When I got the "free" WIN 10 upgrade, it messed up my Microsoft Office 97 that I had on our desk PC, that was running the WIN7 OS. I could not find my original MS Office 97 disc to load it back on. 

So I recall now that someone on DIY told me to get the free "Apache Open Office" download. So I did and it was the closest program I have ever ran to Office 97.

I finally found my old MS Office and Home 2007 disc, so I un-installed the AOO program from our PC and loaded the MSHO 2007 program back on it.


----------



## user_12345a (Nov 23, 2014)

The software developers know that new versions have no real advantages, so subscription software helps keep the money flowing even though they aren't contributing anything extra to society.

Subscription software is only useful if you need the software for a short time. For example, student can rent an autodesk package for 1 year or something.


----------



## CaptTom (Dec 31, 2017)

In some ways I "get" the subscription model. Software needs to be continually updated and supported. Once you've reached market saturation, where else would the money come from? Everyone who wants a copy already has one.

You can try releasing "new and exciting" versions every so often, by simply changing the look and re-arranging all the menus. But that tends to piss people off. In that way the subscription model can appear more honest. Maybe they won't need to make so many "changes for change's sake."

I still won't do it for all but a few highly specialized apps. Certainly never for anything from Micro$oft. But I can see why the software companies want to.


----------



## user_12345a (Nov 23, 2014)

I'm fine with them charging a low annual fee to produce security updates and provide support, they have to get paid.

But making it so there's never a permanent license and the software stops working if you don't pay is crazy.


----------



## ktownskier (Aug 22, 2018)

I just use Google Docs/sheets etc. They can open word and excel and I think even PDF docs. I also have a version of Acrobat that allows me to enter info into a PDF so that i can fill out forms. 

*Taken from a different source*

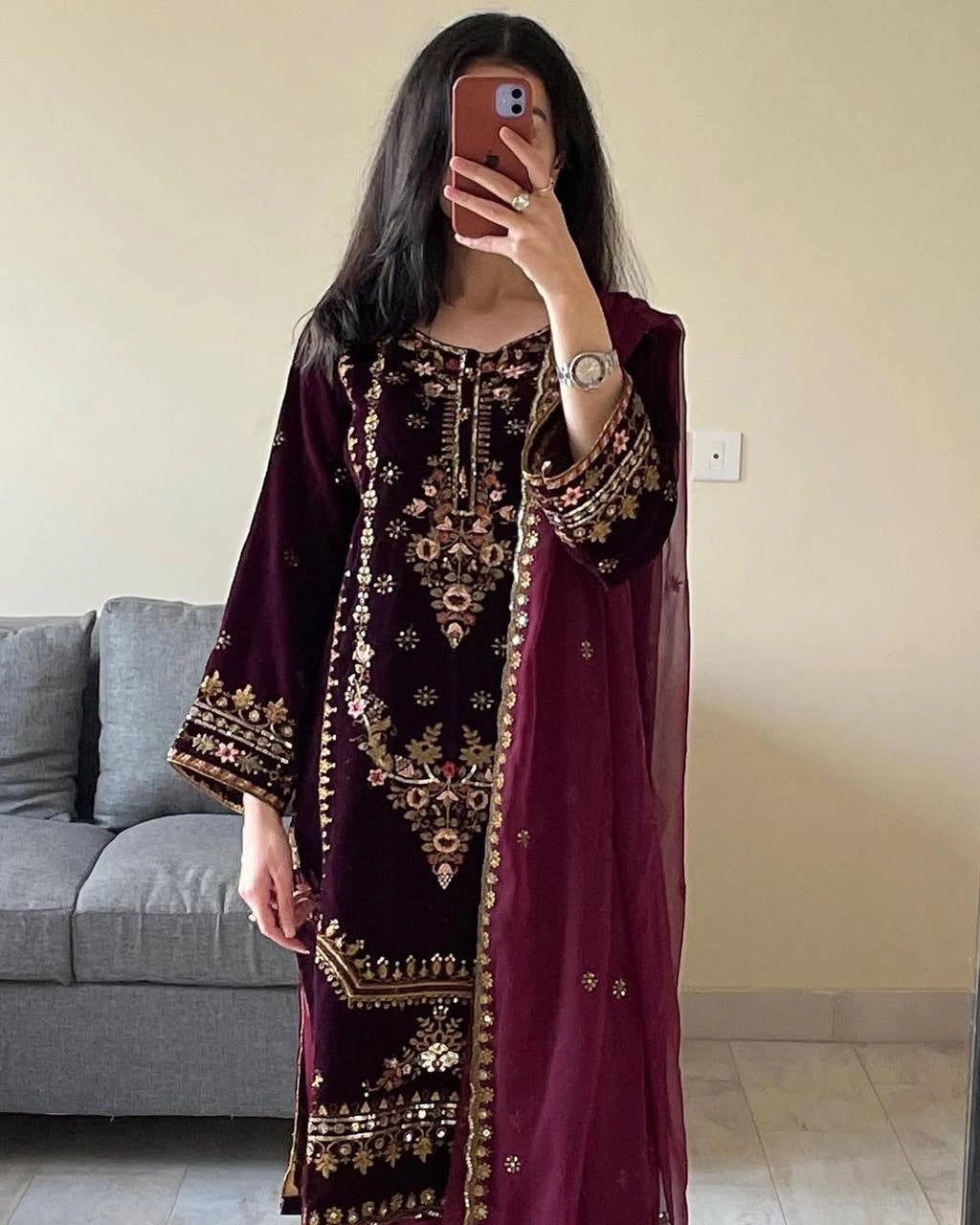 *FOR THIS WINTER SEASON OUR NEW DESIGNER STYLE VELVET EMBROIDERY WORK SUIT PANT WITH DUPATTA*

I am the reason that word processors were invented. I joke and say that I was pre-med, the only class I passed was the handwriting course. I passed it with flying colors.


----------



## jecapereca (Mar 28, 2019)

I use Google Docs and Sheets too. I like having peace of mind knowing that all changes made are saved automatically as long as you are connected.


----------



## jhonede007 (Dec 13, 2019)

For the last 6 years i have been ushing the office 2016 and i am ok whit the performance what it gave but after i upgrade my system i think to change my offcie 2016 to office 365. For that i go to the microsoft office 365 download page and installed from it.But when i go to the subscription page it blows my mind it is more costlier then the office 2016 which is lay down for the office 365.


----------



## ZZZZZ (Oct 1, 2014)

Why keep feeding the Microsoft Empire?

Free to use Open Source programs such as OpenOffice and LibraOffice are just as good.
.
.


----------



## rusty baker (Feb 13, 2009)

I think 365 is now $99 a year. Not worth it.


----------